Opinion
SC: 162692 COA: 350247
04-01-2022
Order
On January 12, 2022, the Court heard oral argument on the application for leave to appeal the December 17, 2020 judgment of the Court of Appeals. On order of the Court, the application is again considered. Pursuant to MCR 7.305(H)(1), in lieu of granting leave to appeal, we REVERSE the judgment of the Court of Appeals. The standard of review for decisions from the Michigan Compensation Appellate Commission (MCAC) is generally deferential. While questions of law are reviewed de novo, Arbuckle v. Gen. Motors, LLC , 499 Mich. 521, 531, 885 N.W.2d 232 (2016), the MCAC's factual findings should be affirmed so long as there is competent evidence in the record to support them. Omer v. Steel Technologies, Inc. , 332 Mich.App. 120, 134, 955 N.W.2d 575 (2020). See also MCL 418.861a(14) ("The findings of fact made by the commission acting within its powers, in the absence of fraud, shall be conclusive."). Based on those factual findings, the MCAC found that plaintiff's injury was compensable under the Worker's Disability Compensation Act of 1969 (WDCA), MCL 418.101 et seq.
Despite the Court of Appeals’ judgment to the contrary, we too conclude that plaintiff's injury is compensable because it "ar[ose] out of and in the course of employment." MCL 418.301(1). As we explained in Camburn v. Northwest Sch. Dist. (On Remand) , 459 Mich. 471, 477, 592 N.W.2d 46 (1999), compensability in this circumstance turns on whether attendance is an "incident of ... work." That depends on whether the employer would receive a direct benefit and whether attendance is required or at least definitely urged. Id ., citing 1A Larson, Workmen's Compensation Law, pp. 5-397 to 5-403. See also Marcotte v. Tamarack City Volunteer Fire Dep't , 120 Mich.App. 671, 678, 327 N.W.2d 325 (1982). Such is the case here.
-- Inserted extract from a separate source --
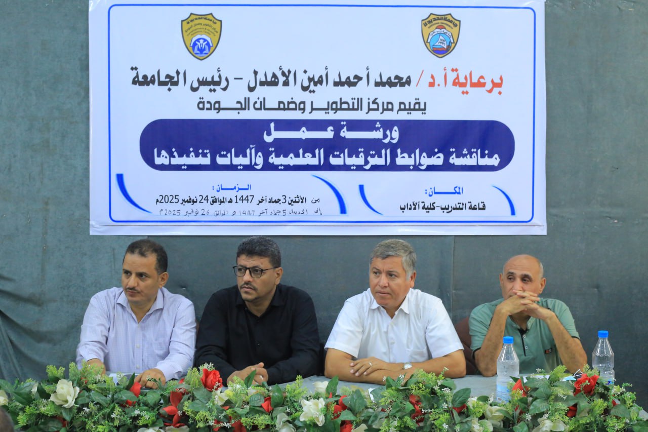 بدأت بجامعة الحديدة اليوم فعاليات ورشة العمل المكرسة لمناقشة ضوابط الترقيات العلمية وآلية تنفيذها، والتي تستمر على مدى يومين؛ لضمان حصول المستحقين من كوادر الجامعة في مختلف الكليات والمراكز على حقوقهم القانونية.

There is competent record evidence that defendant Lexamar Corp (1) used plaintiff as a test case to determine whether to send employees to the community college for their vocational classes or whether to bring instructors to the employees and (2) definitely urged plaintiff to attend the vocational classes.
Yet plaintiff was injured not at the class that was incident to work, but on the commute. While injuries occurring on an employee's commute are generally not compensable under the act, there is an exception when "the employer derives a special benefit from the employee's activity at the time of the injury." Smith v. Chrysler Group, LLC , 331 Mich.App. 492, 495, 954 N.W.2d 214 (2020), quoting Bowman v. R.L. Coolsaet Constr. Co. (On Remand) , 275 Mich.App. 188, 191, 738 N.W.2d 260 (2007). Again, because Lexamar Corp used plaintiff as a test case, it derived a special benefit from plaintiff's pursuit of his education, and plaintiff is entitled to compensation under the WDCA. We therefore REINSTATE the July 18, 2019 order of the MCAC affirming the decision of the magistrate.
Zahra, J., would deny leave to appeal.